The problems that capitalist imperialism produces for humanity have not become any less than they were in the 19th or early 20th century. Humanity is struggling with catastrophes more than ever before. There are uncontrollable social processes. On the one hand, the world is on the brink of the abyss due to the ecological destruction caused by the capitalist economy. On the other hand, there are moral and ideological problems. Capitalist ideologues are also trying to find solutions to these problems. Capitalism has left people with no idealism. Capitalism has destroyed ambition and hope, which means the end of its history.


So what is needed? An ideology that gives people hope. And that can be nothing other than socialism. It is a characteristic of all ruling ideologies to propagate their own end as the end of humanity and the end of their own history as the end of the history of humanity. It is also necessary for their survival to make such assertions. This can be seen in every important epoch. In its day, Rome was an invincible empire. The later feudalist empires, as well as the capitalist empires today - e.g. the USA - have also claimed this. But development is a natural law. So it is nonsensical to talk about the end of humanity. The world is not threatened by destruction, nor is humanity threatened by a devastating disease. Its problems are ideological, political, social and economic. The solutions will also be ideological-political, social, economic, cultural and moral. Here socialism will have to assert itself because of its connection with the fate of humanity and its responsibility. In this sense, socialism can redefine itself.

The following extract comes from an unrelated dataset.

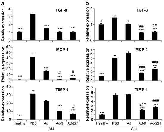 Transforming growth factor β (TGF-β), tissue inhibitors of metalloproteinases 1 (TIMP-1), and monocyte chemotactic protein 1 (MCP-1), which function as either fibrogenic or proinflammatory factors that orchestrate HSC activation and participate in the progression of liver disease, were found to be significantly upregulated in the liver upon acute or chronic injury (Figure 7), as previously reported [29,31,32,33,34,35]. In animals with acute injury, administration of hMSCs decreased the expression of TGF-β and MCP-1, but not of TIMP-1, while hMSCs overexpressing miR-9-5p or miR-221-3p dramatically decreased the expression of all three factors (Figure 7a). In animals with chronic injury, hMSCs only decreased the expression of TGF-β, while again, hMSCs overexpressing miR-9-5p or miR-221-3p remarkably decreased all three factors (Figure 7b). These results suggest that the downregulation of TGF-β, MCP-1, and TIMP-1 contributes to the alleviation of liver injury via the overexpression of miR-9-5p or miR-221-3p in hMSCs.

Capitalism today has nothing more to offer people. If you look at the free market as an example, you realise that a class has emerged that exploits through speculation and interest. In the last century, capitalists were concerned with production and trade. Now production, trade and technology are of secondary importance and the daily focus is on interest rates. This orientation no longer has anything to do with production. Capitalism in the major capitalist countries has become meaningless and functionless. This does not show the success of capitalism but rather its insignificance. What can you achieve with stock market games? It's a kind of gamble. Money only ever changes hands. You don't need new definitions for capitalism; it is a functioning gambling system. And the game is played for humanity. These trillions are a catastrophe for the world and humanity. Not seeing this or not resisting it means watching the destruction of the world.